Catch up: Controlling the controllables – Making the remote closer to home

Controlling the controllables – Making the remote closer to home

An on demand event jointly hosted by the NAHT and Discovery Education

Please note: due to unforeseen circumstances, Promoting positive behaviour for learning with Hayley McKechnie will be rescheduled to a later date. 

Following on from the successful webinar ‘If, Our and When’, NAHT and Discovery Education Pathway author and resilience coach, David Gumbrell, returns for another question-and-answer session with Andrew Hammond. Looking again at our resilience reserves, David will consider the metaphor of a tv remote control.

 

What can we learn from the history of this device?

How can it help to shape our future thinking?

What did inventor Mr Polley teach us about resilience and mental health?

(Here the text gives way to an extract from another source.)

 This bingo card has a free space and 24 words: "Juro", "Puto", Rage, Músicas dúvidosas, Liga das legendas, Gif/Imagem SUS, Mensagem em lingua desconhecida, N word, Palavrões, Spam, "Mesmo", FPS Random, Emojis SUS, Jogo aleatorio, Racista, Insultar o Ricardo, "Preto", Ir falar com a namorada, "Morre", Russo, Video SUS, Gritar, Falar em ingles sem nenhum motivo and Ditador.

As the poet Michael Rosen once said,

‘We can’t go over it, we can’t go under it, oh no! We’re going to have to go through it!’

WE can indeed get through this National Lockdown.

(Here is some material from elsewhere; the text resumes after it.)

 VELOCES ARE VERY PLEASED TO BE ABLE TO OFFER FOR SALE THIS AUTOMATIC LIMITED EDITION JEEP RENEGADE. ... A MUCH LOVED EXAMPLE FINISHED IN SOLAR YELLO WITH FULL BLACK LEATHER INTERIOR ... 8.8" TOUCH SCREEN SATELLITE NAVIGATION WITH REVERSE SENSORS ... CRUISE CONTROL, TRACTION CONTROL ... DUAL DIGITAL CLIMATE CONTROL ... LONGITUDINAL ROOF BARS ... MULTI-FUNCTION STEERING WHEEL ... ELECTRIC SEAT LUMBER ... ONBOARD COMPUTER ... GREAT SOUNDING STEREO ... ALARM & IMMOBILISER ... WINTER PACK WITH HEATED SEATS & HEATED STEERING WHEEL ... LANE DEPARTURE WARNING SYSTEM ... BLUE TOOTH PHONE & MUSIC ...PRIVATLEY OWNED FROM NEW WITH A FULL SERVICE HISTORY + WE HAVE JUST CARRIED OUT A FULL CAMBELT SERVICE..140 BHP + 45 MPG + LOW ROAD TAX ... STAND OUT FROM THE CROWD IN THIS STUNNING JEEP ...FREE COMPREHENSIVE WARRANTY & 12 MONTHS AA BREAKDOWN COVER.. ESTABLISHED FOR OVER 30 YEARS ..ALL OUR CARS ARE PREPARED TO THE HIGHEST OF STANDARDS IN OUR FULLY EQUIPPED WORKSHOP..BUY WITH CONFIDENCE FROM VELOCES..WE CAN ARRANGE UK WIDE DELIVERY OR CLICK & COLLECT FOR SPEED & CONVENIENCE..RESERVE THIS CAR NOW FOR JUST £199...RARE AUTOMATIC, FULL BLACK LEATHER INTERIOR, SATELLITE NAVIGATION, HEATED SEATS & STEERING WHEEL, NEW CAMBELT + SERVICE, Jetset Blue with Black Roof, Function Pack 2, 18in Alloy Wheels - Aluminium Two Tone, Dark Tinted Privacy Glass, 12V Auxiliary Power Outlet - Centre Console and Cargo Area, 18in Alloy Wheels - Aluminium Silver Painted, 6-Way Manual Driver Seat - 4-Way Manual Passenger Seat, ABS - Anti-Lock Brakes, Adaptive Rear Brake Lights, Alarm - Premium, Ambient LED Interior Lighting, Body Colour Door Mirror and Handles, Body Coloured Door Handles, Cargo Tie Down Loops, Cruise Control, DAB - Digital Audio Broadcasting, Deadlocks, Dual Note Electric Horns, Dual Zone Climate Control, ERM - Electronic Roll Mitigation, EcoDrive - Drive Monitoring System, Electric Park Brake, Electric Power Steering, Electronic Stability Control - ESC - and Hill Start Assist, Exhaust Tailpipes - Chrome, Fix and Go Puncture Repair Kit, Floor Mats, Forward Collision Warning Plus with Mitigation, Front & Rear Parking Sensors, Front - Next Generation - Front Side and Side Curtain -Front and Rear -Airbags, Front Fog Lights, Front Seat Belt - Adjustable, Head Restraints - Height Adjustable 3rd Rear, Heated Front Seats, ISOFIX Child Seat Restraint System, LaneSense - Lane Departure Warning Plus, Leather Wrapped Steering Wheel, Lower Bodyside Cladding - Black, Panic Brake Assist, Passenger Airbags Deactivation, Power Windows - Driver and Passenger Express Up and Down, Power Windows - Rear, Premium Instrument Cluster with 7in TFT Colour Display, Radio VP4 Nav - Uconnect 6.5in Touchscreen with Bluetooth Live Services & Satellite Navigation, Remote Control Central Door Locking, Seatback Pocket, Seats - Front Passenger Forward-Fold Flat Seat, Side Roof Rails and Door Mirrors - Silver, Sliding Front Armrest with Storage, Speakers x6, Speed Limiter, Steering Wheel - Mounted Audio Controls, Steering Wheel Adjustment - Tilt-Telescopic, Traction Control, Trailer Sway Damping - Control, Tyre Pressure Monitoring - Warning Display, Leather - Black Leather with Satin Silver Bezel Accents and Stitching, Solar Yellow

YOU can get through this National Lockdown.

We need to control the controllables and that means giving yourself the time to

press Pause, to recharge and reset yourself for what is ahead.

We might be feeling remote at this time,

but the control is closer to home than you may think.

 

A former primary headteacher, David Gumbrell is a contributing author on the Pathway programme from NAHT & Discovery Education. If you would like further information about the Pathway programme please visit www.discoveryeducation.co.uk/NAHT

 

Speakers

David Gumbrell

Former teacher and head teacher, now author, coach and lecturer

David is a former teacher and head teacher, now author, coach and lecturer. David is passionate about playing a part in using this experience to empower and to reassure the next generation of Early Career Teachers. He wants them to love our profession and to uphold the standard of our profession. He learnt that resilience is the missing link in the training that was being offered to teachers and yet explicitly talking about and considering our own mental health can make a huge difference in how we teach and what messages we implicitly send to our students.

He is well-placed to deliver the Discovery Education Pathway module as he has teaching experience to be credible; he has researched and published about resilience for nearly three years; he has a fairly unique style of connecting with his audience to engage their interest before then delivering the connection to the key piece of learning that he wants them to consider and to reflect on.